- Born: Cem Cáceres December 8, 1999 (age 26) Enschede, Netherlands
- Height: 6 ft 3 in (1.91 m)
- Weight: 95 kg (209 lb; 15.0 st)
- Stance: Orthodox
- Fighting out of: Amsterdam, Netherlands
- Team: Mike's Gym
- Trainer: Mike Passenier

Kickboxing record
- Total: 25
- Wins: 21
- By knockout: 14
- Losses: 4
- By knockout: 2

Other information
- Notable relatives: Murat Aygün (cousin)

= Cem Cáceres =

Dutch-Turkish kickboxer

Cem Cáceres (born December 8, 1999) is a Dutch professional kickboxer of Turkish and Chilean descent, currently competing in the light heavyweight division of Glory.

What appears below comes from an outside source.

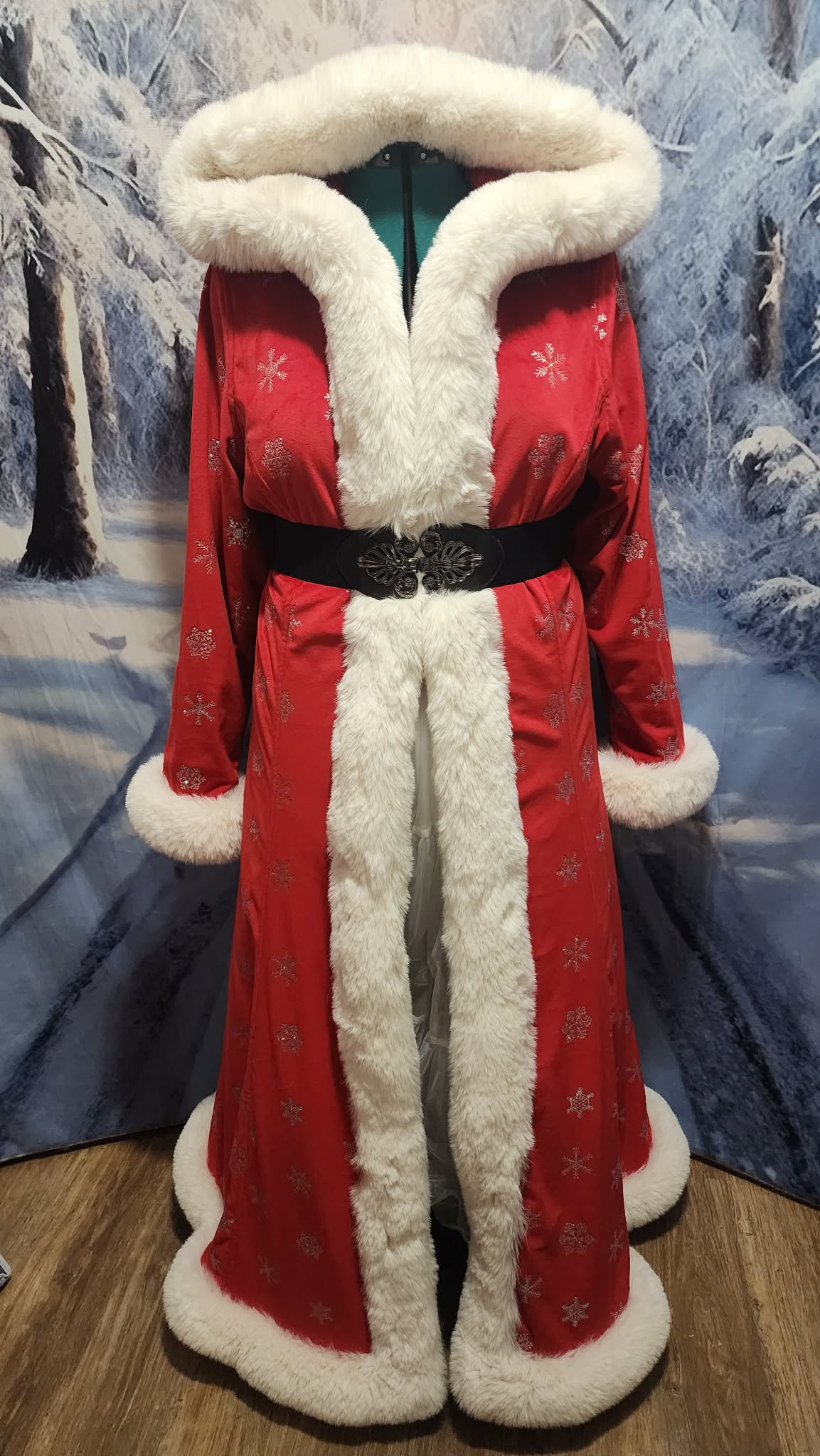 Our Mrs Claus Robe can be made with all of the same fabrics, furs, and trims as any Santa suit. The Robe starts at $1200 and includes removable fur, a fur collar, can be hooded or hoodless, and is fully lined. Trim is available to add as well as a mop or Santa style hat, a stretchy belt, a skirt, and blouse. This flowy robe style is the style available for this order, we cannot make changes to the style beyond sizing, adding trim, fabric type, fur, and trim at this price.

As of September 2024 he was the #5 ranked Light heavyweight kickboxer in the world by Beyond Kickboxing.

==Professional career==
===Early career===
Cáceres faced Jeroen Trijsburg at a World Fighting League event on March 25, 2018. He won the fight by first-round technical knockout.

On October 14, 2023, Cáceres defeated Germain Kpoghomou by unanimous decision at Enfusion Talents 107.

===Glory===
Cáceres made his debut for the Glory promotion at the Glory Light Heavyweight Grand Prix event against Mohammed Amine. He won the bout by second-round knockout with a left hook.

Cáceres was expected to face Mory Kromah at Glory 94 on August 31, 2024. He was called to replace Bahram Rajabzadeh against Ștefan Lătescu in the main event. He won the fight by first-round knockout with a left hook to the body.

Cáceres faced Pascal Touré at Glory Collision 7 on December 7, 2024. He won the fight by unanimous decision.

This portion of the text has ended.